Partendo dal presupposto che il bambino è il protagonista del percorso di scoperta e conoscenza, e tenendo conto del fatto che il bambino è dotato di sue competenze, si è pensato di favorire lo sviluppo di queste ultime realizzando attività di laboratorio. Esse giocano nella Scuola dell’Infanzia un duplice ruolo: quello di favorire e potenziare le esperienze cognitive e quello di consentire scambi e collaborazioni tra bambini e bambini e tra bambini e adulti. I laboratori favoriscono in particolare nei bambini la possibilità di esplorare, sperimentare, progettare con materiale diversi, di realizzare specifiche in relazione agli obiettivi posti dalle insegnanti, di compiere attività specifiche per età.
Nella nostra Scuola il laboratorio non rimane fisso nel corso dell’anno scolastico poiché non c’è sufficiente spazio. Per questo le sezioni si trasformeranno periodicamente in laboratori a seconda dei progetti (l’aula gialla il lunedì diventa laboratorio psicomotorio), oppure si creeranno nelle sezioni degli sezioni in cui si allestiranno i laboratori.
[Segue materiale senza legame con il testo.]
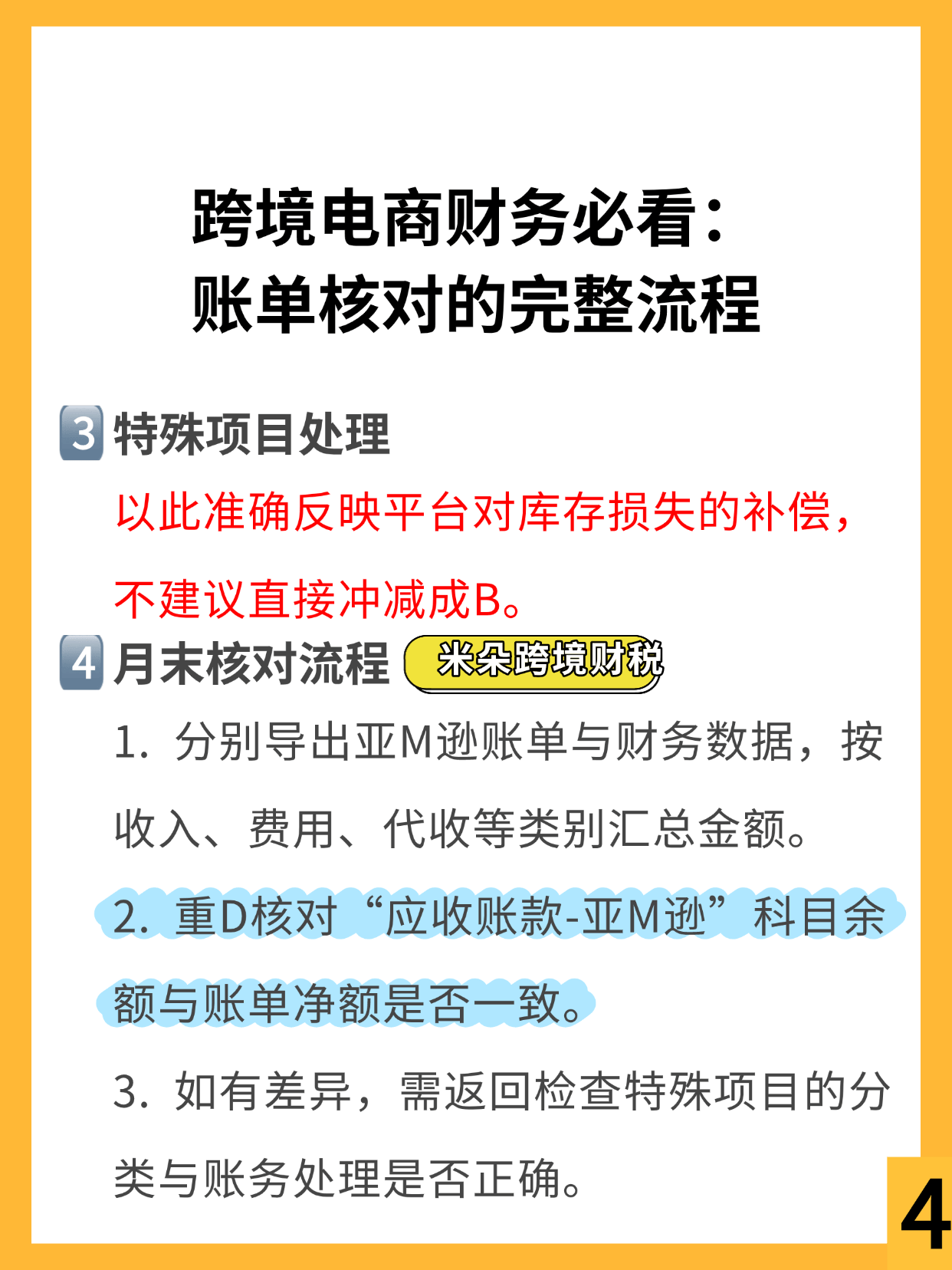 库存赔偿:应计入“其他业务收入”,以此准确反映平台对库存损失的补偿,不建议直接冲减成B。 四、月末核对流程 1.分别导出亚M逊账单与财务数据,按收入、费用、代收等类别汇总金额。 2.重D核对“应收账款-亚M逊”科目余额与账单净额是否一致。 3.如有差异,需返回检查特殊项目的分类与账务处理是否正确。

OSSERVAZIONE, VALUTAZIONE, DOCUMENTAZIONE

Attraverso l’osservazione si sono raccolti gli elementi di conoscenza per organizzare la programmazione.
Nel corso dell’anno noi insegnanti intendiamo adottare l’osservazione come metodo di ricerca per raccogliere informazioni sulle modalità di approccio dei bambini ai vari progetti e per compiere eventuali aggiustamenti.
L’osservazione è legata alla valutazione non solo delle competenze acquisite dai bambini, ma anche del nostro lavoro.
È previsto, oltre ai momenti di verifica durante il corso dell’anno, un momento finale di valutazione che si effettua attraverso la compilazione di griglie (una per ogni fascia di età), di una sintesi globale per i bambini di 5 anni.

CONTINUITA’ ORIZZONTALE

Nel corso dell’anno si svolgono vari incontri scuola/famiglia con l’intento di mettere a conoscenza le famiglie sulle attività che il bambino compie, ma anche per discutere insieme e risolvere eventuali problemi.
    • Assemblee dei genitori per conoscere e verificare percorsi educativi didattici;
    • Colloqui individuali per uno scambio sui percorsi di crescita;
    • Riunioni di intersezione per organizzare e promuovere iniziative nella scuola;
    • Giornata di scuola aperta e momenti di festa.

CONTINUITA’ VERTICALE

Tutti gli anni si realizza un progetto di continuità con la Scuola Primaria nell’intento di dare connessione e collegamento tra le diverse esperienze che il bambino compie.